## Task to complete
Repeat the data as given. Images do not go in the copy.

::: Source material :::

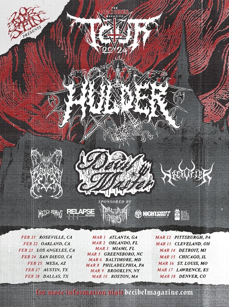 Having been featured on the cover of Decibel Magazine in late 2022, HULDER will embark on the Decibel Magazine Tour of the US with labelmates Worm, as well as Devil Master and Necrofier. Presented by 20 Buck Spin, and sponsored by Pull The Plug Patches, Relapse Records, Night Shift Merch, Hell’s Heroes, and Magnanimous Brewing, the tour will run from February 21st through March 18th.
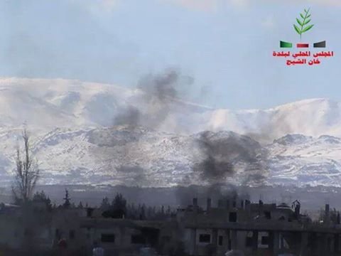 In Damascus suburb, shelling targeted the western neighborhood of Khan Al Shihe camp with at least two missiles, which resulted in the outbreak of a fire in a resident’s house. This comes in light of the severe crisis of bread afflicting people in the camp due to the prevention of the Regular army checkpoints of entering flour and bread to the camp for about three days ago, while all roads linking the camp and the surrounding areas are still closed except for “Zakia – Khan Al Shieh”, which is exposed to frequent target with missiles and heavy bullets.
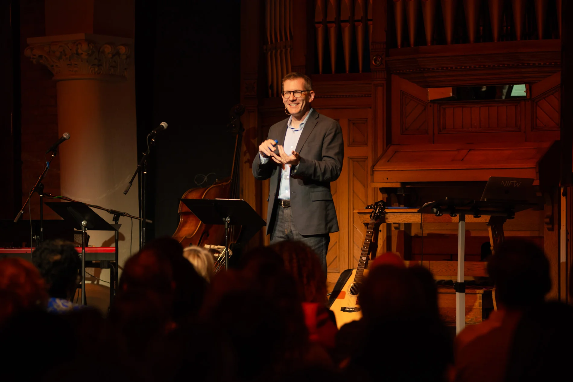 Andy Crouch stood in front of the beautiful antique organ and asked audience members to consider their own history. Had they grown up in a place of control, safety, suffering, or flourishing? Further, had they considered what it meant to move from whatever place they are in toward flourishing? A key, said Crouch, is how vulnerability and authority create opportunities for flourishing. Crouch then challenged the audience to examine their own influence and ask - right now, am I in a place of idolatry, withdrawal, suffering, or flourishing? Through live-texting the audience saw themselves as a part of a whole and then as a group learned the path to flourishing, which in the end involves great sacrifice.

:::

## Answer space
 Having been featured on the cover of Decibel Magazine in late 2022, HULDER will embark on the Decibel Magazine Tour of the US with labelmates Worm, as well as Devil Master and Necrofier. Presented by 20 Buck Spin, and sponsored by Pull The Plug Patches, Relapse Records, Night Shift Merch, Hell’s Heroes, and Magnanimous Brewing, the tour will run from February 21st through March 18th.
 In Damascus suburb, shelling targeted the western neighborhood of Khan Al Shihe camp with at least two missiles, which resulted in the outbreak of a fire in a resident’s house. This comes in light of the severe crisis of bread afflicting people in the camp due to the prevention of the Regular army checkpoints of entering flour and bread to the camp for about three days ago, while all roads linking the camp and the surrounding areas are still closed except for “Zakia – Khan Al Shieh”, which is exposed to frequent target with missiles and heavy bullets.
 Andy Crouch stood in front of the beautiful antique organ and asked audience members to consider their own history. Had they grown up in a place of control, safety, suffering, or flourishing? Further, had they considered what it meant to move from whatever place they are in toward flourishing? A key, said Crouch, is how vulnerability and authority create opportunities for flourishing. Crouch then challenged the audience to examine their own influence and ask - right now, am I in a place of idolatry, withdrawal, suffering, or flourishing? Through live-texting the audience saw themselves as a part of a whole and then as a group learned the path to flourishing, which in the end involves great sacrifice.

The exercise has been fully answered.